-- The problem --
Retype the lines below exactly, but only those from the line that has "Хошел Дрим, Струга" through the line that has "Amint színpadra lépett, s". Omit every picture.

-- Provided records --
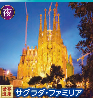
世界遺産 サグラダ・ファミリア

ポイント 3 折角行くならスペインを代表する2大観光地 圧巻の昼・神秘的な夜 2つの姿をご堪能
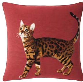
BENGAL – Corail 982385 Tapisserie - Tapestry
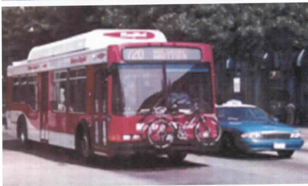
FOTOS ILUSTRATIVAS: Táxi e ônibus adaptados para o transporte de bicicletas.
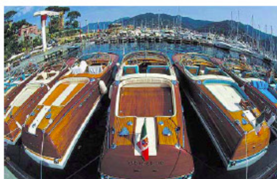
Machen viel her: Holzboote
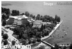
Хошел Дрим, Струга
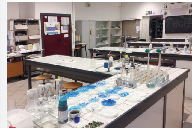
Laboratorio di chimica
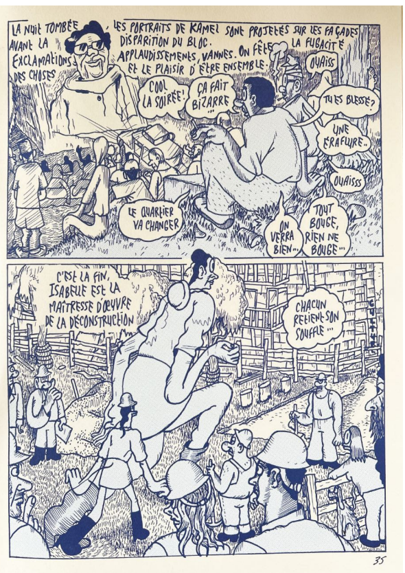
Extrait de la BD «Rio Chamiers» de JM Bertoyas, éditions Ouïe/Dire
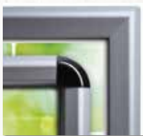
Ecken mit Gehrung oder abgerundet
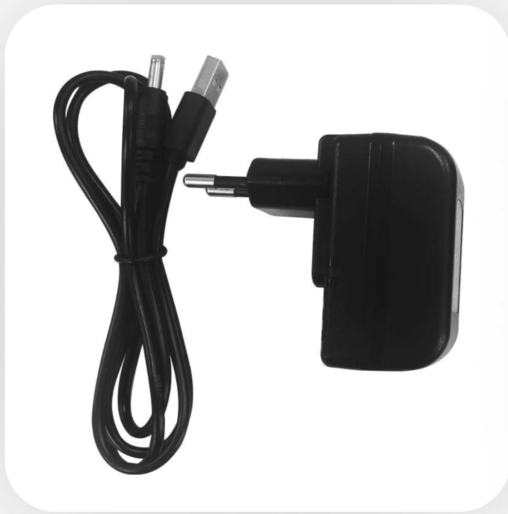
Адаптер питания с выходным напряжением 5В/2А
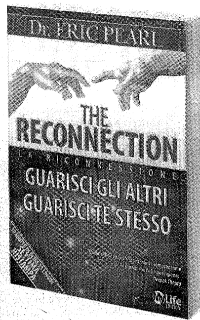
Il libro di Eric Pearl, best seller, tradotto in oltre 36 lingue “The Reconnection”, edito in Italia da Edizioni My Life.

nell'anno 2010 si era recato nella città di Riviera per un'edizione del medesimo seminario, ripetuto, come più volte sottolinea l'autore, in città di tutto il mondo. Il pubblico di tali sessioni di dimostrazione pratica e trasmissione della conoscenza è composto per il 20% da professionisti provenienti dall'ambito medico, nonché da ricercatori, studiosi e naturalmente gente comune. Eric Pearl e il suo staff di 140 praticanti che lo sostengono nell'attività dell'insegnamento (quattro di questi sono italiani) sono spesso oggetto della curiosità non solo di chi entra in contatto con la pratica ma anche dell'ambiente
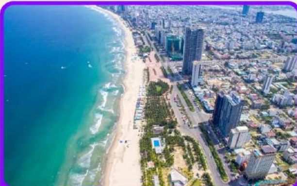
เช็คอิน ชายหาดหมีเคว เป็นชายหาดที่สวยงามที่สุดในเมืองดานัง
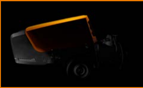
Effizienter und spritsparender Dieselmotor mit extra großem 70-Liter-Tank
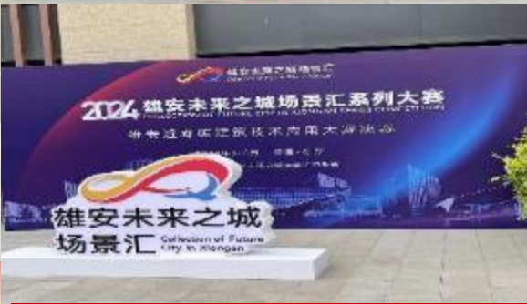
雄安新区研学活动，观摩雄安创新大赛
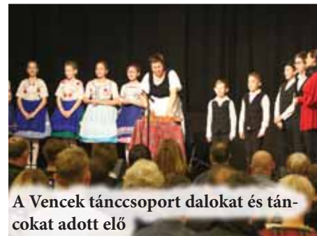
A Vencek tánc-csoport dalokat és táncokat adott elő

Amint színpadra lépett, s felhangzottak előadásában az első hangok, mindenki úgy érezhette egy pár másodpercig, hogy az érzelmi játszanak vele, s a színpadon Máté Péter énekel neki. Sajnos, a szervezők ezt a csodát nem tudták ugyan valóra váltani – ám a még ma is nagy népszerűségnek örvendő énekes da-
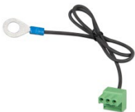
Connector met voorgemonteerde DC-minuskabel (inbegrepen)
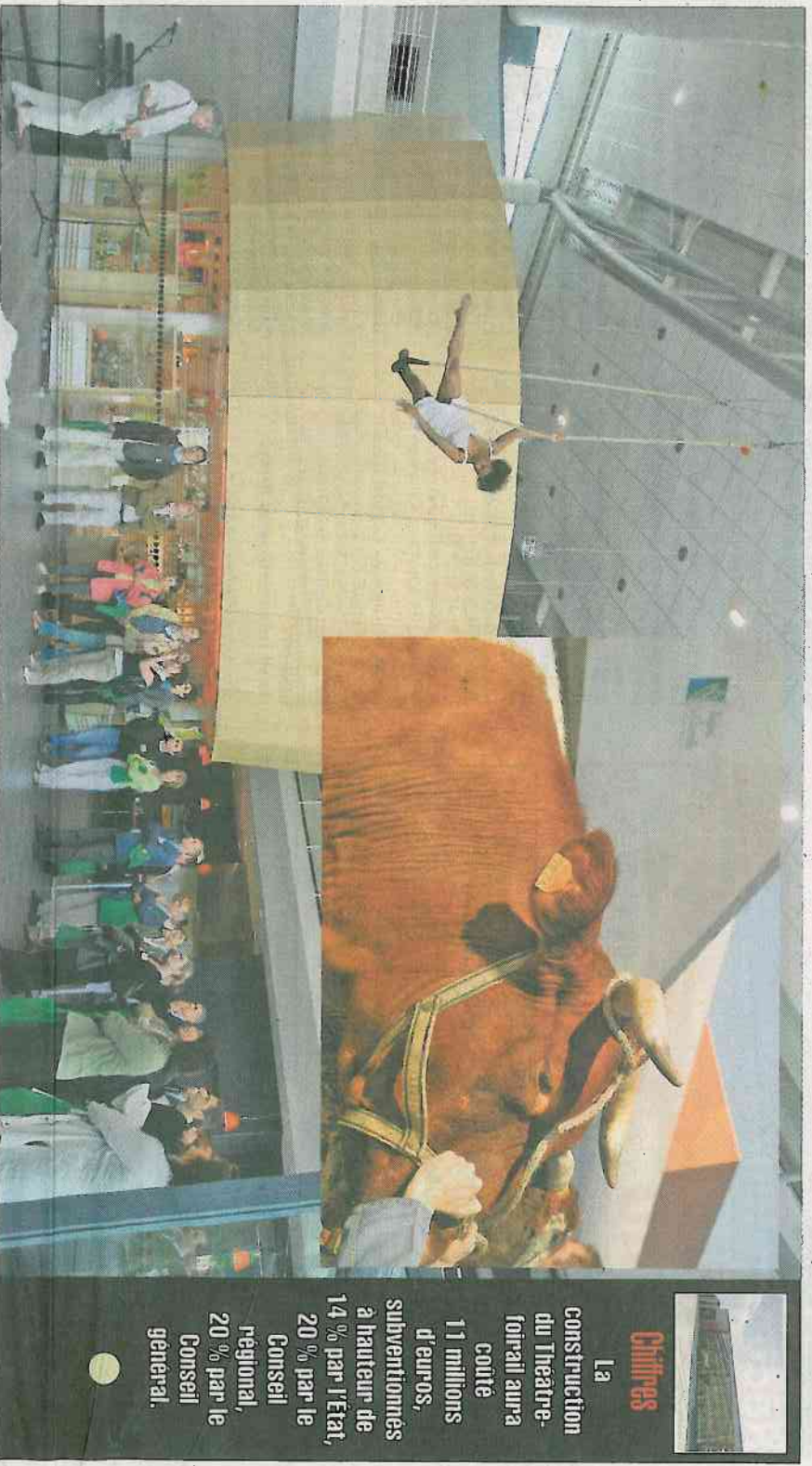
Le Théâtre-foirail et ses grands espaces (ici le hall d'entrée et la boutique) se prêtent bien aux arts du cirque. Il accueillera du 5 au 7 septembre le Festival départemental de l'élevage et le concours national rouge des prés.

L'extérieur est également aménageable grâce aux 3 600 mètres carrés de chapiteaux dont dispose la Communauté de communes. Cela, c'est pour le côté culturel, événementiel, et

-- Result of this exercise --
Хошел Дрим, Струга
Laboratorio di chimica
Extrait de la BD «Rio Chamiers» de JM Bertoyas, éditions Ouïe/Dire
Ecken mit Gehrung oder abgerundet
Адаптер питания с выходным напряжением 5В/2А
Il libro di Eric Pearl, best seller, tradotto in oltre 36 lingue “The Reconnection”, edito in Italia da Edizioni My Life.

nell'anno 2010 si era recato nella città di Riviera per un'edizione del medesimo seminario, ripetuto, come più volte sottolinea l'autore, in città di tutto il mondo. Il pubblico di tali sessioni di dimostrazione pratica e trasmissione della conoscenza è composto per il 20% da professionisti provenienti dall'ambito medico, nonché da ricercatori, studiosi e naturalmente gente comune. Eric Pearl e il suo staff di 140 praticanti che lo sostengono nell'attività dell'insegnamento (quattro di questi sono italiani) sono spesso oggetto della curiosità non solo di chi entra in contatto con la pratica ma anche dell'ambiente
เช็คอิน ชายหาดหมีเคว เป็นชายหาดที่สวยงามที่สุดในเมืองดานัง
Effizienter und spritsparender Dieselmotor mit extra großem 70-Liter-Tank
雄安新区研学活动，观摩雄安创新大赛
A Vencek tánc-csoport dalokat és táncokat adott elő

Amint színpadra lépett, s felhangzottak előadásában az első hangok, mindenki úgy érezhette egy pár másodpercig, hogy az érzelmi játszanak vele, s a színpadon Máté Péter énekel neki. Sajnos, a szervezők ezt a csodát nem tudták ugyan valóra váltani – ám a még ma is nagy népszerűségnek örvendő énekes da-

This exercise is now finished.